China disbars two human rights lawyers

[JURIST] Two Chinese human rights lawyers who have represented Falun Gong [group website; BBC backgrounder] defendants were permanently disbarred [Tang decision, Liu decision, in Chinese] Friday after being accused of disrupting courtrooms. In a Beijing Municipal Judicial Bureau [official website, in Chinese] hearing last month, Liu Wei and Tang Jitian were accused of breaking laws by disputing court rulings as they defended a Falun Gong practitioner in Luzhou. The group Human Rights In China (HRIC) [advocacy website] reports [press release] that the lawyers participated in filing a complaint [text, in Chinese] with the Beijing Public Security Bureau alleging that the Beijing Municipal Bureau of Justice and the Beijing Lawyers Association were effectively blackmailing lawyers by charging high fees for annual registration.
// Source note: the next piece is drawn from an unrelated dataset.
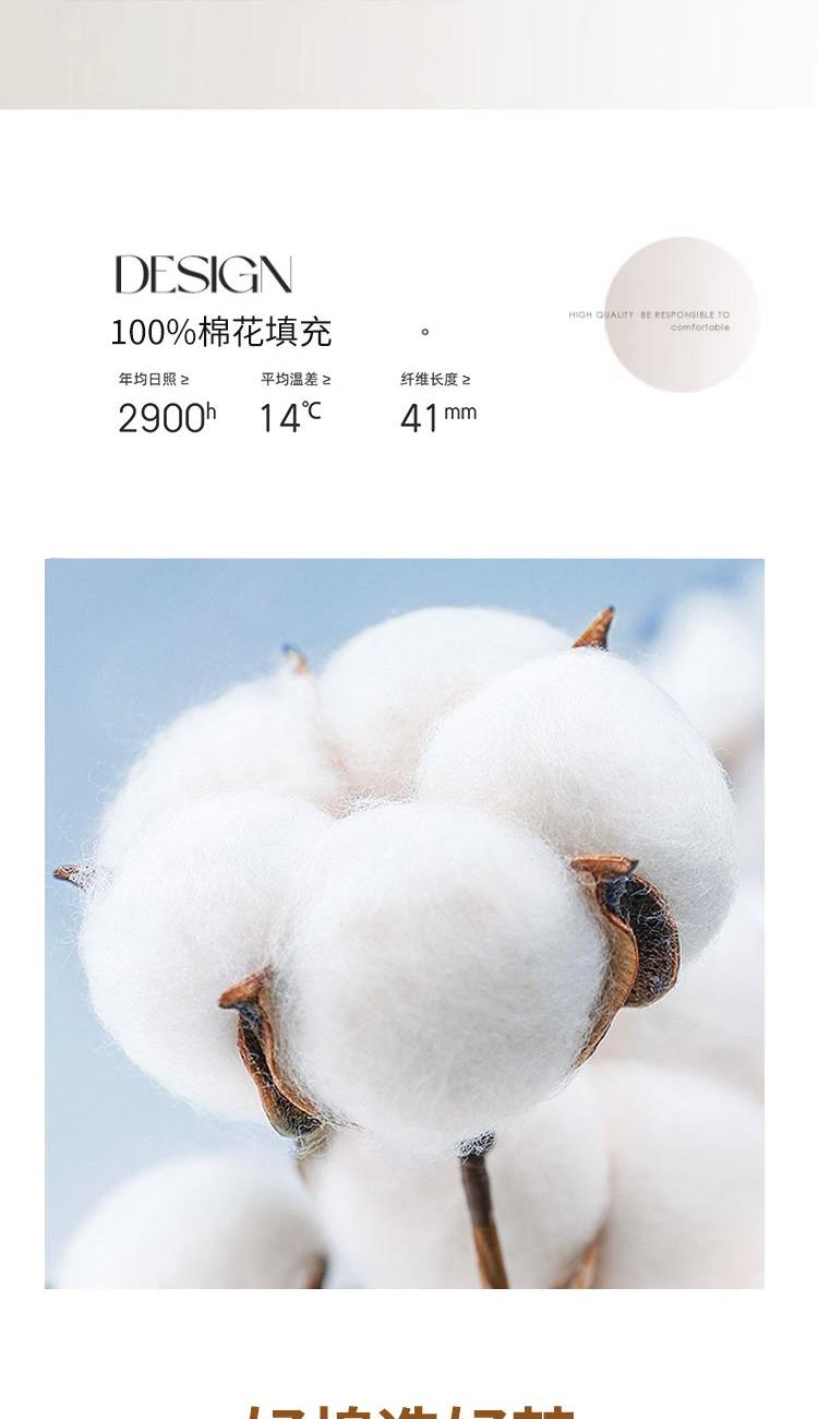 规 格:200×230(±2)cm 克 重:2500g 面 料:雪纺棉麻 填 充:棉花(1500g) 雪纺棉麻面料,创新织造,棉的亲肤,麻的透气,肌肤感知自然柔软力。 棉花-老百姓喜欢材质,聚暖保温,自然健康。 高品质、高材质、高标准,一款对生活高度负责的产品

Li Subin, the lawyer in charge of the complaint, suggested that the lawyers' disbarment is a result of their role in filing the complaint. An HRIC spokesperson criticized the decision to disbar Tang and Liu:

In revoking Tang's and Liu's licenses because they withdrew from a show trial in which the judge had made it impossible for them to do their work, the Beijing Bureau of Justice has made a mockery of justice and the rule of law.
Both lawyers said they planned to appeal the decision vigorously.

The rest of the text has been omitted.